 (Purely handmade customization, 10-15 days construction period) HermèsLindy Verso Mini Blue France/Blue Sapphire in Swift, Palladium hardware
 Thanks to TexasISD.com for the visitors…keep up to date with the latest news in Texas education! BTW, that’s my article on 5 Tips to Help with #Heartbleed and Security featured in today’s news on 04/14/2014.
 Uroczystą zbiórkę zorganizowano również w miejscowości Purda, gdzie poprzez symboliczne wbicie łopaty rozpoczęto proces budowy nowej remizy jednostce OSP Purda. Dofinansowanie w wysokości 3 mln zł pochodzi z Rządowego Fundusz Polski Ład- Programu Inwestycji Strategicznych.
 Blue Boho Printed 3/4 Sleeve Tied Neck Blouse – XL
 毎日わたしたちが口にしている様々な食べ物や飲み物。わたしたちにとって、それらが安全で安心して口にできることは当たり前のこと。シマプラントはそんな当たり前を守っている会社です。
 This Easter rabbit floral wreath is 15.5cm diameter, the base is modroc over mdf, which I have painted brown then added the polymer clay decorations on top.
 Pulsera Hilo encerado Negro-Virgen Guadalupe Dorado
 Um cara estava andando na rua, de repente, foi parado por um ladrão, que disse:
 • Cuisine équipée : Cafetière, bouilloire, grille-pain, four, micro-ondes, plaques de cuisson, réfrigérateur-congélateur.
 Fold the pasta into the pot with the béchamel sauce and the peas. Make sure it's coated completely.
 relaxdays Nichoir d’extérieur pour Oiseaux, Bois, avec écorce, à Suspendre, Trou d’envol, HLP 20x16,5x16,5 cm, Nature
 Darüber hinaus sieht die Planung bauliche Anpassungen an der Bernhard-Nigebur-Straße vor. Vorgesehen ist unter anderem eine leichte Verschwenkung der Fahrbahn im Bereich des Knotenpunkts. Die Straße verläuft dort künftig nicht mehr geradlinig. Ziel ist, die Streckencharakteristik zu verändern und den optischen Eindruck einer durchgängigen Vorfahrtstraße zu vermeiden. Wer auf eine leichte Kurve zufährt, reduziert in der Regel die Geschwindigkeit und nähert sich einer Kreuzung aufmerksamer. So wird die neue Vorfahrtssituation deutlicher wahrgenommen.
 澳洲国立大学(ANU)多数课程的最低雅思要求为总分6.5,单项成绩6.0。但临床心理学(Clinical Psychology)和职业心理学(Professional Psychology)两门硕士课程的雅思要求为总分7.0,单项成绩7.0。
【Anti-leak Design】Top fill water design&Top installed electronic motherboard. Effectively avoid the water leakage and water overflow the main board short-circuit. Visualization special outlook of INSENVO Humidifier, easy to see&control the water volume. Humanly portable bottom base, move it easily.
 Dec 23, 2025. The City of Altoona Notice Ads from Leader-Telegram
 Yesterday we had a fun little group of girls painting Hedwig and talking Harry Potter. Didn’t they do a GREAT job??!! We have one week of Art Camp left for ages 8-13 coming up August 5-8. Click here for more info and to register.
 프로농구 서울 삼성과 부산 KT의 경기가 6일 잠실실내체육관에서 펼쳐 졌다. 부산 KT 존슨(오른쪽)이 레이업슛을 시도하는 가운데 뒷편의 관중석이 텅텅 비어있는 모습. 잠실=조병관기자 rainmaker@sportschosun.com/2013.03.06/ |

- **Task details**
Lines holding "Blue": count them across the data and reply with the number alone.

- **Response below**
2